Time series interpolation.
Removing records with critical missing data.
Data Transformation
Price Data Scaling:
Min-Max normalization:
Scaling data to the range [0,1].
Z-Score normalization:
Converting data to standardized form with mean 0 and standard deviation 1.
Feature Engineering
Creating new features from calculated technical indicators based on the original dataset:
RSI
MACD
Bollinger Bands
Momentum
OBV
CMF
VWMACD
MFI
AO
Fibonacci levels
• Social Metrics:
Analyzing social media mentions count, Sentiment Analysis.
Data Labeling
Historical Example Classification
"Buy":
If after a certain period, the asset price increased by a specified percentage.
"Hold":
If price changes were insignificant.
"Sell":
If the price decreased by a specified percentage.
Window-based Labeling
Applying a window of a specific size for sequential labeling of time series.
Tools and Technologies
Programming Languages:
• Python: Primary language for data processing.
Data Processing Libraries:
• Pandas: For table and time series manipulation. • NumPy: For high-performance computations.
API Clients:
• CCXT: Unified interface for various cryptocurrency exchanges.
Data Storage:
• MongoDB: For storing unstructured data.
• PostgreSQL: For relational data.
Fundamental Analysis
Data Collection:
Project Information:
Roadmaps
Development team details
Partnerships
Development Activity:
Number of commits
Open pull requests on GitHub
Events and News:
Update announcements
Listings on exchanges
Feature Extraction:
Sentiment Analysis of News:
Using NLP models to determine article tone
Metrics:
Market capitalization
Trading volumes
Circulating supply
Technical Analysis
Indicators:
Moving Averages (SMA, EMA):
Various periods (5, 10, 20, 50, 100, 200 days)

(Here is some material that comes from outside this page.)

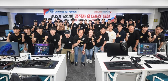 경기 오산시가 e스포츠 페스타 개최에 앞서 공직자 및 시민들의 e스포츠에 대한 관심을 높이고자 최근 '제1회 오산시 공직자 e스포츠대회'를 개최했다. 사진은 이권재 시장(앞줄 가운데)과 참가자들이 함께 기념촬영을 하고 있는 모습. (사진=오산시청 제공)

Relative Strength Index (RSI):
Identifying overbought or oversold conditions in assets
Moving Average Convergence Divergence (MACD):
Determining trend changes
Bollinger Bands:
Identifying support and resistance levels
Momentum:
Assessing price change speed
On-Balance Volume (OBV):
Analyzing market movement direction
Chaikin Money Flow (CMF):
Predicting price movements based on cash flow
Volume Weighted MACD (VWMACD):
Trend counters considering trading volume
Absorption Oscillator (AO):
Analyzing rising and falling price movements
Process:
Calculation Tools:
Using TA-Lib, pandas-ta libraries for calculating indicators
Employing functions from statsmodels library for additional analytical tasks
mplfinance for creating price profiles and technical analysis charts
ta-lib-python for accessing a wide range of technical indicators via API
Cluster Analysis
Order Book Data:
Buy and Sell Orders:
Analysis of volume distribution across price levels
Identification of patterns in order behavior (convergent or divergent orders)
Methods:
Clustering:
k-Means: Grouping orders based on price, time, and volume
DBSCAN: Identifying clusters of large orders or anomalies
Hierarchical clustering: Building hierarchical cluster structures to detect relationships between different types of orders
Goals:
Determining Support and Resistance Levels:
Using clusters to identify stable price levels
Analyzing order behavior around these levels
Identifying Large Trader Activity:
Recognizing patterns characteristic of large traders
Analyzing temporal dependencies between different types of orders to identify strategies of large traders
Using machine learning to predict the probability that a specific order belongs to a large trader
Additional Methods:
Network Analysis:
Building graphs of relationships between different types of orders to detect complex patterns of activity
Anomaly Detection:
Using Isolation Forest or One-Class SVM to identify unusual scenarios in order data
Time Series Analysis:
Applying Prophet for predicting trading volume behavior based on historical data
Mathematical Analysis
Statistical Models:
Autocorrelation:
Analysis of dependence of current values on past values
Correlation Coefficients:
Relationship between individual assets and the overall market
Volatility Models:
• GARCH (Generalized Autoregressive Conditional Heteroskedasticity):
Forecasting future volatility based on historical data
Candlestick Analysis
Japanese Candlestick Patterns:
• Popular reversal patterns • Popular continuation patterns
Recognition Algorithms:
• Application of libraries:
• TA-Lib, candle-patterns for automatic pattern detection
Outcomes:
• Signals indicating potential trend change or continuation
Tools and Libraries:
• TA-Lib: Library for technical analysis
• Scikit-learn: For clustering and other machine learning models
• Statsmodels: For statistical analysis and volatility modeling
• NLTK, SpaCy: For natural language processing when working with textual data
Methodology of Union
Combining data from various sources:
Using time-based keys for synchronizing time series from different data sources
Joining by asset identifiers for correct mapping of data related to the same asset
Creating a single dataframe:
cuDF DataFrame is used as the basis for storing combined data
Alternative solutions are considered for large datasets and distributed computing:
Apache Spark for processing large datasets on a cluster
PySpark for working with data in a distributed environment
Apache Arrow for efficient data exchange between different systems
Data Normalization
Reasons for normalization:
• Different scales of features can negatively affect model training. Normalization ensures feature compatibility and improves training efficiency.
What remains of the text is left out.